Abbott is a product of his family upbringing and Jesuit education, his deeply ingrained notions of social courtesies, and the mellowing influence of a loving and patient wife and talented daughters, his adored “princesses” in whose evolution as confident and accomplished young women he takes enormous pride.  How dearly he is regarded by the Abbott women is demonstrated by the intensely private Margie Abbott’s standing passionately by her man on TV, in a public speech and in News Ltd newspapers.  As Mrs Abbott rightly said, being a rugby player, volunteer fire-fighter and lifesaver shouldn’t define Tony as a boofy misogynist.

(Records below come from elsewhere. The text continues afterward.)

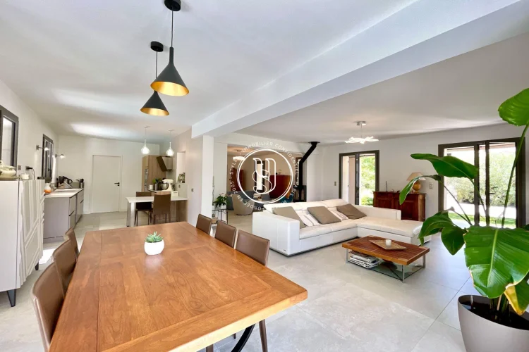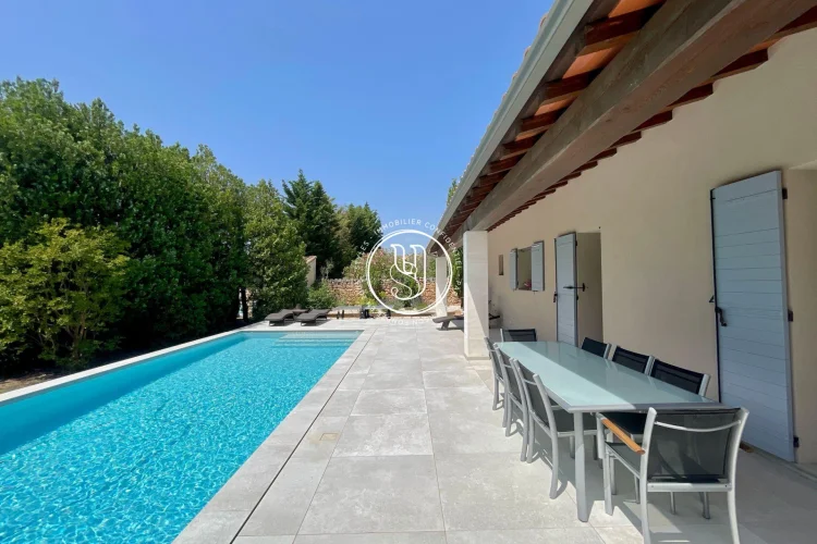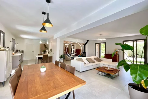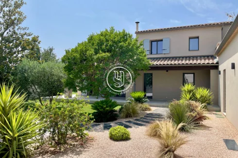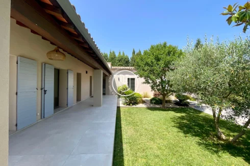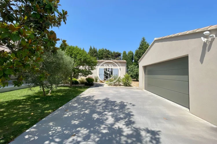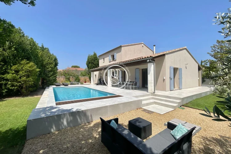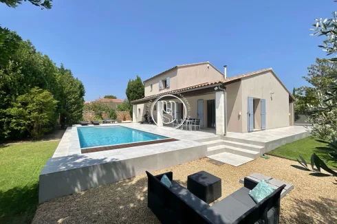 There are places where you instantly feel at home. Rare places, designed to host life& 39 s most beautiful moments. Just a three-minute walk from the vibrant heart of Maussane-les-Alpilles, with its lively terraces, refined shops, and gentle Provençal village rhythm, this house invites you to experience Provence differentlyin peace, elegance, and authenticity. Behind the automatic gate, a landscaped garden of over 1,500 m² envelops you in serenity. Stepping stones guide you through fruit trees, the vegetable garden, and Mediterranean flowerbeds, to the large terrace where time seems to slow down. The 11x4 meter swimming pool becomes, as soon as the weather is nice, the meeting point for summer naps, bursts of laughter with the family and mild evenings in the golden light of the Alpilles. The house, fully renovated in 2022, boasts approximately 220 m² of elegance and comfort. Inside, light flows freely into a warm double living room, enliened by a wood-burning stove that blends the seasons. The functional and contemporary kitchen opens onto a discreet utility room, while the dining room hosts long, convivial tables. A guest toilet, a laundry room and plenty of storage space complete your daily routine, with controlled discretion. Privacy is assured for the nighttime. A ground-floor master suite with a custom-made dressing room and bathroom offers a true cocoon, far from the hustle and bustle of the world. Three other bedrooms welcome guests or family, each with their own bathroom or shower, designed for everyone& 39 s comfort. The style is refined, the volumes harmonious, and the materials tastefully chosen. Nothing is left to chance. Behind this peaceful atmosphere lies cutting-edge technology: double-glazed, burglar-proof aluminum frames, reversible underfloor heating and ducted air conditioning by heat pump, interior and peripheral alarm system with video surveillance, automatic watering powered by canal water, and fiber internet connection to combine country life and teleworking without compromise. A double closed garage of 48 m², a technical room, a tool shed, a boiler room and even an outside toilet complete the whole for a practical and stress-free life. Ready to move in, this house asks for nothing more than to welcome you. It will appeal to those seeking the perfect balance between Provençal lifestyle, high-end amenities, and an exceptional location, just a stone& 39 s throw from the center of one of the most beautiful villages in the Alpilles.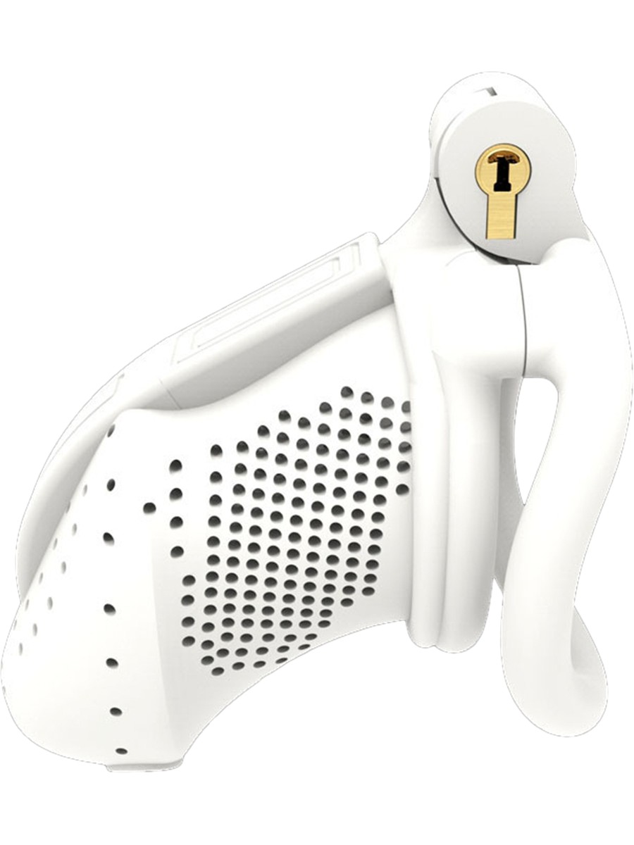 - Weisser Keuschheitskäfig mit mikroperforierter Struktur für Hygiene und Atmungsaktivität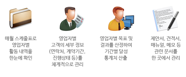영업 관리에 고민이 있다면? 영업의 기본은 본인의 스케쥴 관리 및 할 일에 대한 관리로부터 시작됩니다. 하나하나 체계적인 영업관리를 통해 매출 실적을 높여드리겠습니다.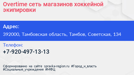 Overtime, сеть магазинов хоккейной экипировки по адресу 392000, Тамбовская область, Тамбов, Советская, 134 в дальнейшем Организация, размещена в следующих категориях:
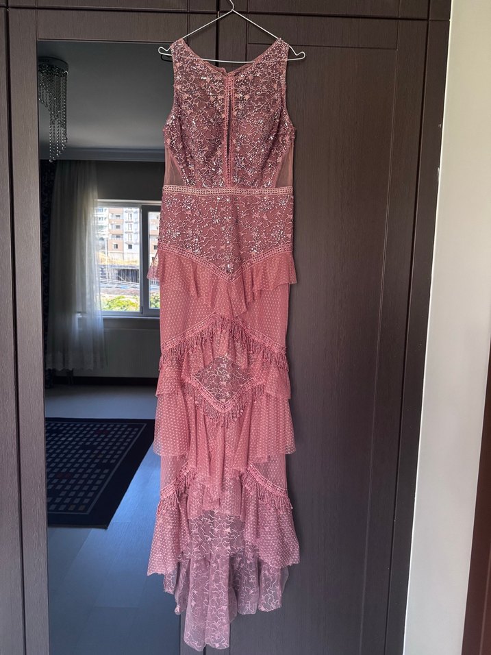 Pembe Parlak Uzun Fırfırlı Abiye Elbise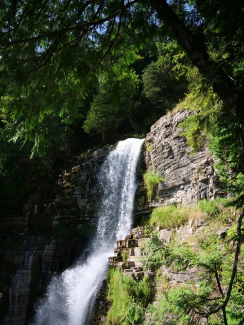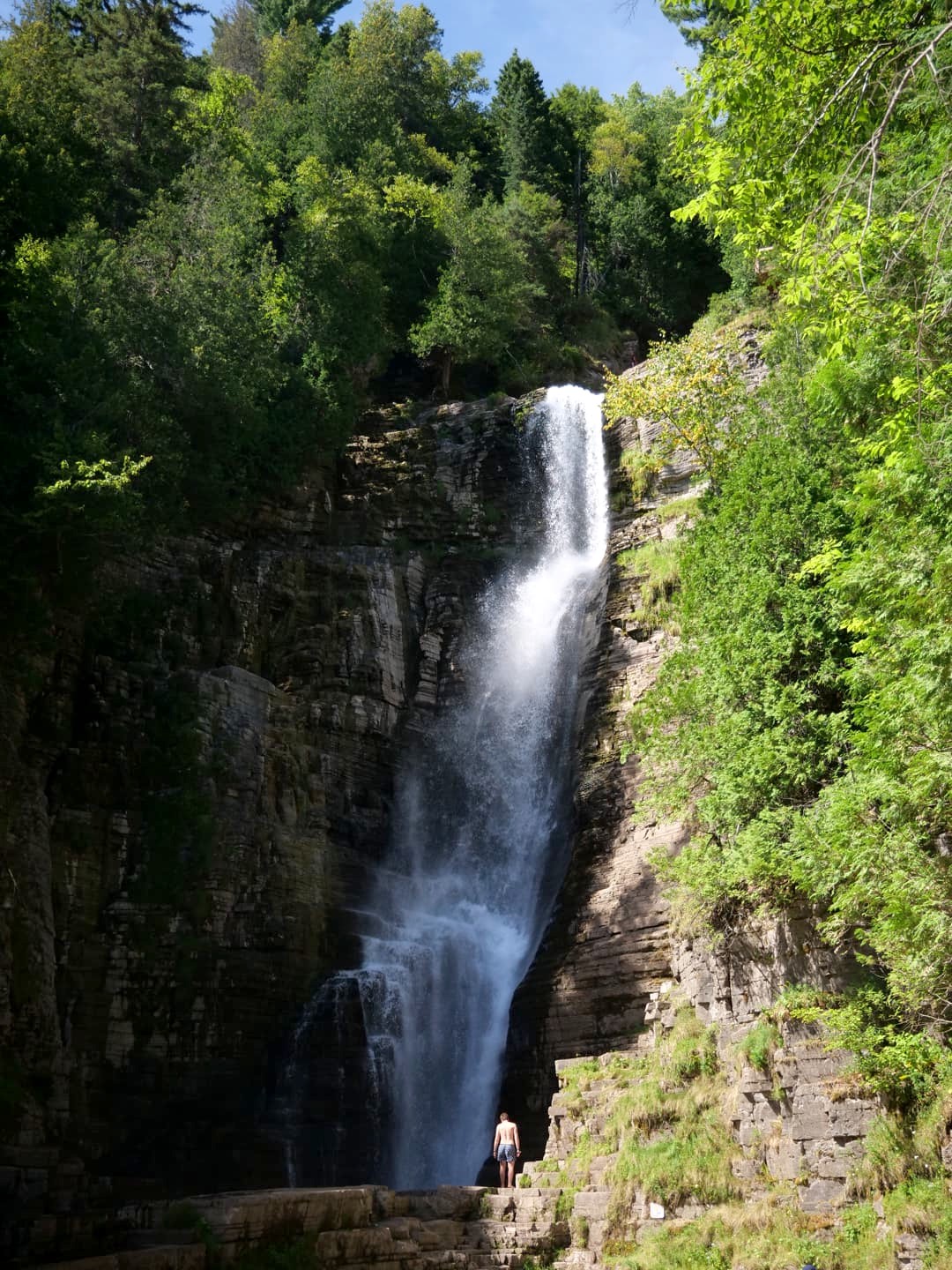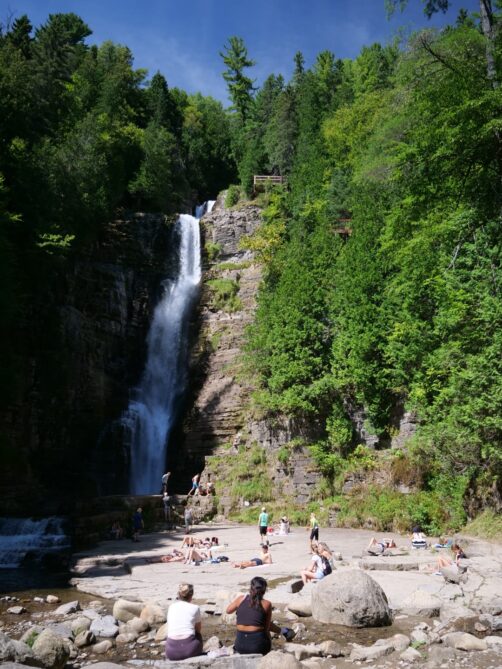 Le petit sentier en forêt vous emmène assez rapidement jusqu’au sommet des chutes. On ne se rend pas tout de suite compte à quel point celles-ci sont hautes ! L’ampleur de celles-ci se dévoile petit-à-petit, lorsque que l’on descend les escaliers qui les longe. En bas des chutes, durant l’été, vous découvrez une étonnante ambiance plage ! Les locaux viennent prendre le soleil, s’installent la journée, et les plus courageux osent même une petite plongée dans l’eau bien fraîche !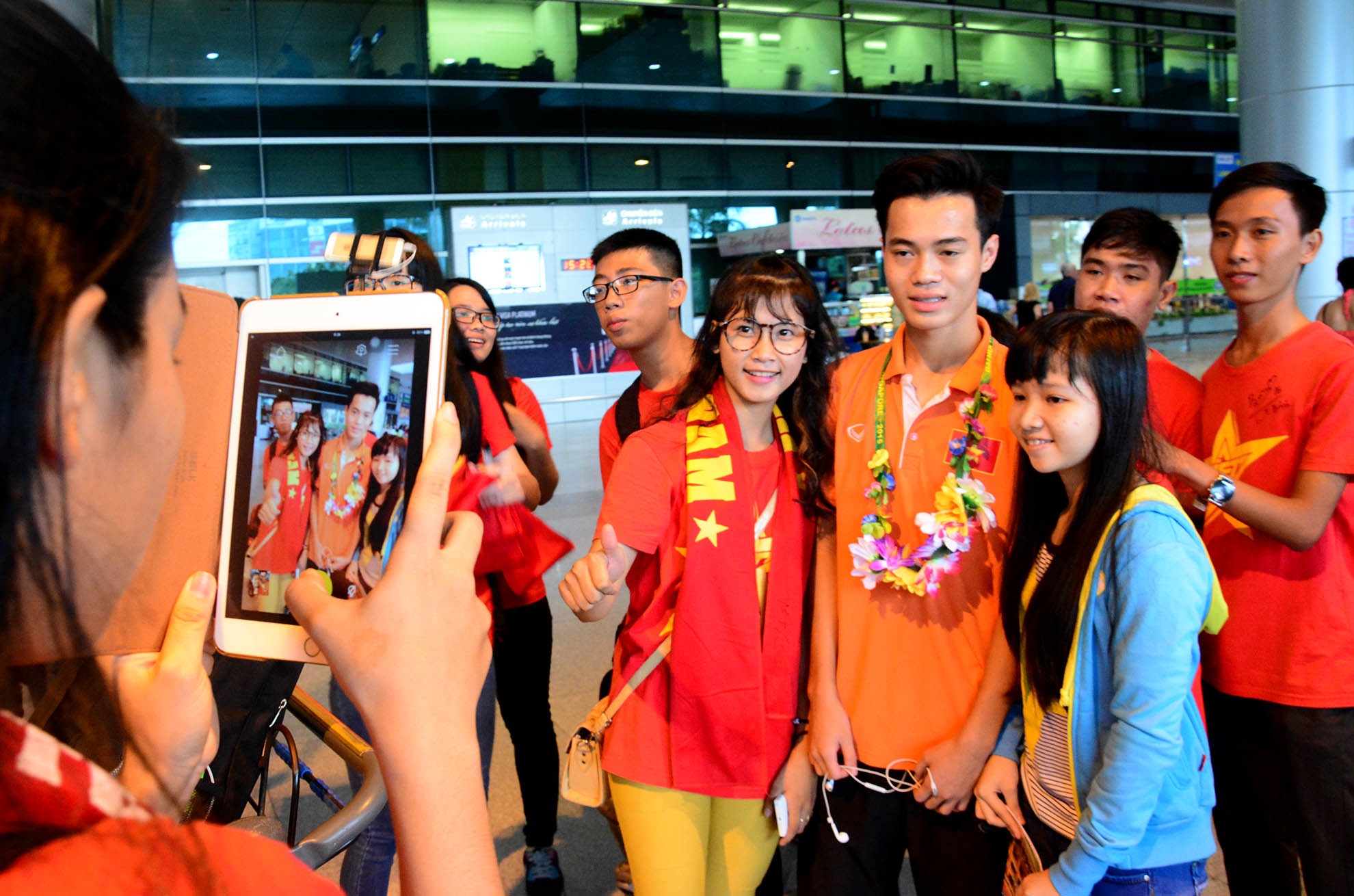 | Ra đến sảnh sân bay, Mạnh Hùng chụp ảnh với người hâm mộ và điện báo cho người thân. Tại SEA Games 28, Hùng "xà ngang" có ít cơ hội thể hiện sở trường đá phạt. |

A previously unrelated incident from when he was health minister illuminates Abbott’s true attitude to women.  As defeat loomed in 2007, then prime minister John Howard and Abbott announced a federal takeover of the struggling Mersey Hospital in northern Tasmania.  Unsurprisingly the state Labor government went ballistic, and shortly afterwards I accompanied Abbott to Launceston to meet the Tasmanian health minister (now premier) Lara Giddings.

It was exceedingly unpleasant.  For the best part of an hour the diminutive Giddings berated and harangued Abbott in an aggressive one-sided tirade.  At one point she even reached aggressively across the table as if to throttle him.   Abbott was utterly taken aback by Giddings’s ferocity – he seemed uncertain about how to respond and where to look as her verbal assault continued.

It was the same defensive body language – of bemused astonishment, not fear – that Abbott wore as Gillard launched her blistering attack on Abbott in the parliament cheered by the feminist sisterhood, the ABC and the Twitterati.

Had Giddings been a man there’s no way that Abbott would have passively absorbed such aggression.  As we came away I asked why he didn’t respond to Giddings’s provocation.  “Mate”, he said, “I just wasn’t brought up that way.”

The Giddings episode, and his keeping his dignity under Gillard’s self-serving spray, illustrate that despite his hard-man reputation, Abbott has an old-fashioned code of personal conduct that treats women with consideration and respect.  This sometimes gets him into trouble when knowing female opponents like Giddings, Gillard and, notoriously, then shadow health minister (now Attorney-Genera)l Nicola Roxon in the 2007 election campaign, goad him to the limit: his scruples inhibit the full-on responses that their provocations deserve.

Far from being misogynist (a word that all Australians suddenly now can spell), Abbott happily surrounds himself with charismatic and intelligent women well beyond his family circle.  He is intellectually nourished by them, enjoys their company and finds them stimulating.  

Abbott works very closely with deputy Julie Bishop, whose recent passionate defences of his character reflect her own personal regard for him. His office is headed by the take-no-prisoners political Amazon and “de facto Deputy Leader of the Opposition”, Peta Credlin.  As a minister, Abbott’s chief-of-staff was another woman, the much-loved quiet achiever Maxine Sells. His health department head was the extroverted and headstrong Jane Halton (tipped to head the PM’s department if Abbott wins), and under Halton many of his top health bureaucrats were women.   

What’s more, Sells and Credlin are just two of the many talented female staffers whom Abbott has employed and mentored in government and Opposition, earning him their passionate loyalty and affection in return.

Outside politics, a notable strong woman in Abbott’s circle is the Melbourne University Press publisher Louise Adler, for whom he wrote Battlelines. Adler’s integrity as chairwoman of Melbourne’s Methodist Ladies College board in sacking the college’s headmistress Abbott defended instinctively and loyally, even though he and Adler come from different points of the political spectrum.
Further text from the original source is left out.